The associations found from our review of the literature were not as strong as previously reported (4). The discrepancy appears to be due to our inclusion of several studies (e.g., 17–20) with relatively high mortality rates for those without CAN. These additional studies may have included more individuals with severe comorbidities at baseline, emphasizing the difficulty ascertaining the independent effects of CAN on mortality in the presence of other comorbid conditions.

In summary, for individuals with diabetes, dysfunction of the autonomic nervous system appears to be associated with an increased risk of mortality and morbidity. Although the relative risk associated with studies for which CAN is defined on the basis of a single abnormal test confers an increased risk of mortality, a greater risk is clearly associated when CAN is defined on the basis of two or more abnormalities. The exact pathogenic mechanisms are unclear, however, although some deaths may be avoidable through early identification of these higher risk patients and by slowing the progression of autonomic dysfunction and its associated conditions. The results of the Diabetes Control and Complications Trial clearly showed that intensive glycemic treatment can prevent the development of abnormal heart rate variation and slow the deterioration of autonomic dysfunction over time for individuals with type 1 diabetes (26).
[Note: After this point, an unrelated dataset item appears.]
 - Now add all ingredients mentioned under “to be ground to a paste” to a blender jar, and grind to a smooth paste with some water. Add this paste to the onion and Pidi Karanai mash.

For individuals with type 2 diabetes, intensive multifactorial treatment slowed the progression of autonomic neuropathy in one study (27), whereas in another study those in the intensely treated group showed a small tendency for improved autonomic function, with deterioration noted in the conventionally treated group (28).
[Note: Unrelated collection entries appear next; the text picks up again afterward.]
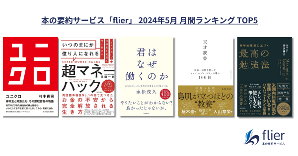 累計会員数116万人を突破した本の要約サービス「flier(フライヤー)」を運営する株式会社フライヤー(本社:東京都千代田区、代表取締役CEO 大賀康史)は、2024年5月のビジネス書月間ランキングを発表しました。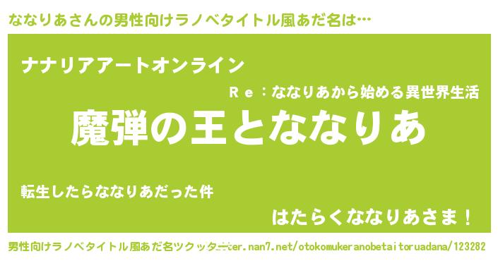 | 女子向けラノベタイトル風あだ名 | 『ななりあが死なない童話 林檎のななりあの診療簿』 |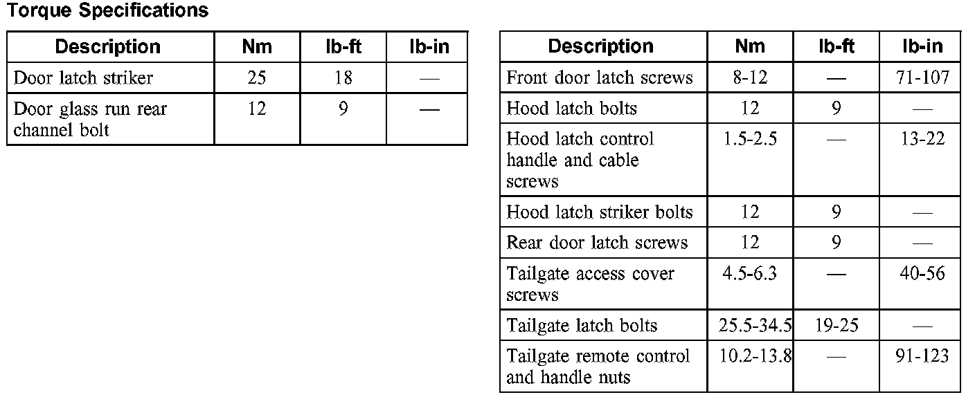 Torque Specifications: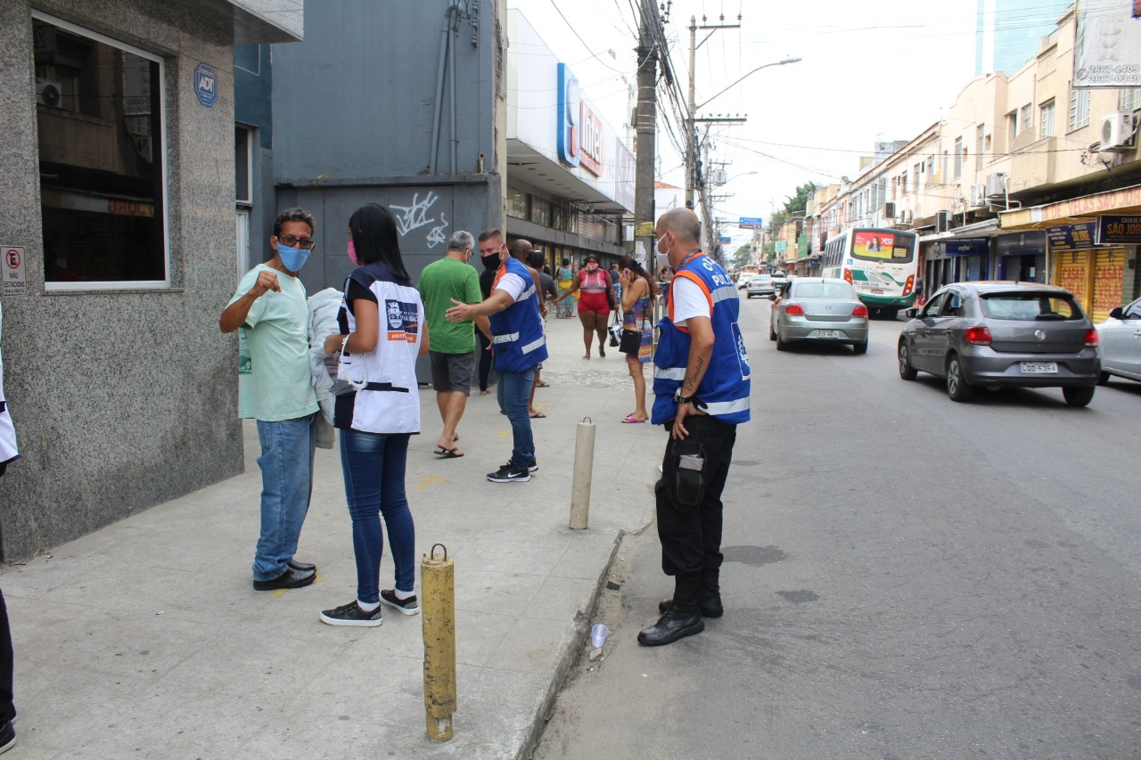 A Prefeitura ainda fez três pontos de bloqueio: um na Avenida Governador Portela, um na esquina da Travessa Ernestina com a Marechal Floriano Peixoto e outra no início do calçada da Caixa. Também foi disponibilizada uma equipe móvel para fiscalizar o distanciamento entre as pessoas na fila.

Pharmacological intervention may also improve autonomic dysfunction. The administration of metoprolol to ramipril-treated type 1 diabetic patients with abnormal albuminuria has recently been shown to improve autonomic dysfunction (29). Cardiac autonomic function, however, did not change after 12 months of treatment with trandolapril (30), but increased parasympathetic activity was shown after 3 months of treatment with quinapril (31). The use of antioxidants is also promising. For example, alpha lipoic acid (thioctic acid) was shown to be associated with a slight improvement in CAN for individuals with type 2 diabetes (32). It should be noted, however, that the effect of these interventions on mortality is not known.

The association of mortality and cardiovascular autonomic dysfunction indicates that individuals with abnormal autonomic function tests are candidates for close surveillance. Thus it has been recommended that a baseline determination of cardiovascular autonomic function be performed upon diagnosis in type 2 diabetes and within 5 years of diagnosis for those with type 1 diabetes, followed by a yearly repeat test (33). In addition, the presence of autonomic dysfunction should alert the health care professional to search for associated risk factors of cardiovascular disease and implementation of an intense program to reduce these factors for mortality to be attenuated.